In this research two evaluation metrics, i.e., peak signal-to-noise ratio (PSNR) and structural similarity index (SSIM), are utilized as they offer advantages and better performance over traditional metrics like Mean Squared Error (MSE) in perceptual quality [46]. Specifically, SSIM, for its feature and structural measures, has been used in several application areas such as denoising, pattern recognition, image restoration, image compression, and more [46]. Both PSNR and SSIM, have shown to perform well in predicting and reflecting the visual quality of images [46].
3. Results
As outlined in Section 2.2, enhancing the performance of the deep blind denoising model relies on the optimization of both the network architecture and the training data. In this section, we evaluate the performance of our model qualitatively and quantitatively and compare it with other deep and non-deep learning methods.
To achieve optimal denoising results, we initiated our model training by utilizing the official pre-trained weights of SCUNet. Subsequently, we fine-tuned the model on our specific dataset, enhancing its adaptability to our unique denoising requirements. During this training process, a compound loss function was employed to synergistically improve the overall performance of the model. Figure 4 shows examples of images in our dataset with varying noise levels and bin widths. In the first row, we present our original data with 100% of the initial number of photons. Subsequently, we reduce the number of photons by a factor of 25% in each following row, simultaneously increasing the sampling rate to 0.05, 0.1, and 0.5. In this figure, the highest quality image is the one with a noise level of 0% and maximum bin width (BW) of 0.5 (see first row and third column), and the lowest quality image is the one with a 75% noise level and bin width of 0.005. An enlarged image is shown in this figure for clarity, having an image size of 256 × 256 pixels.

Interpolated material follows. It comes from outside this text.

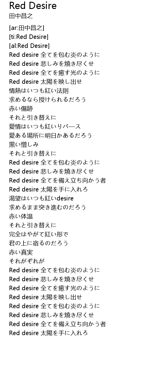| [00:18.74] | Red desire 全てを包む炎のように |
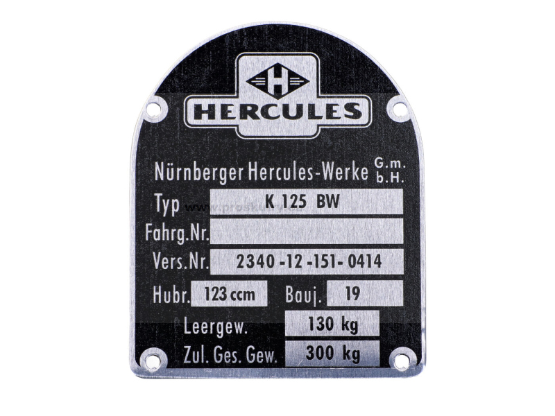 Hliníkový štítek černý 123 ccm pro Hercules, K 125 (2340-12-151-0414)

Figure 5, Figure 6, and Figure 7 show the predicted denoising qualitative results for various methods at noise levels of 25%, 50%, and 75%, respectively. These tables compare state-of-the-art techniques with our proposed model on our dataset. Results for the BM3D method are presented in the second row of each table. BM3D, a 3D block-matching algorithm primarily used for noise reduction in images, is an extension of the NLM methodology [47]. In the third column, the results for an enhanced version of MD3D are illustrated, which integrates a combination of BM4D within the 3D shearlet transform realm, alongside a generative adversarial network, for image denoising [31]. The fourth column displays the outcomes of the NLM method, which involves calculating the mean value for all pixels in the images, with weights assigned based on the similarity of each pixel to the target pixel [48]. Moving to the fifth column, we observe the results for the DnCNN [49]. This method aims to recover the clean image x from the noisy image , assuming v is additive white Gaussian noise (AWGN). The network can handle Gaussian denoising with an unknown noise level. In general, image denoising methods can be categorized into two major groups: model-based methods, like BM3D, which are flexible in handling denoising problems with various noise levels but are time-consuming and require complex priors, and discriminative learning-based methods, like DnCNN, developed to overcome these drawbacks. In the sixth column, we present the results for blind image denoising via the SCUNet method [50], while existing methods rely on simple noise assumptions, such as AWGN, the SCUNet method is designed to address all unknown noise types that remained unsolved in previous methods. The last column shows the results of our method, which extends the performance of the SCUNet method. The qualitative results of the proposed model consistently yield superior visual outcomes across all different bin widths, while BM3D exhibits better visual results, it tends to produce smoother images, consequently removing important details. In contrast, the proposed method generates images that closely resemble the original (0% noise level) image. Conversely, DnCNN produces results that closely match images at the same noise level.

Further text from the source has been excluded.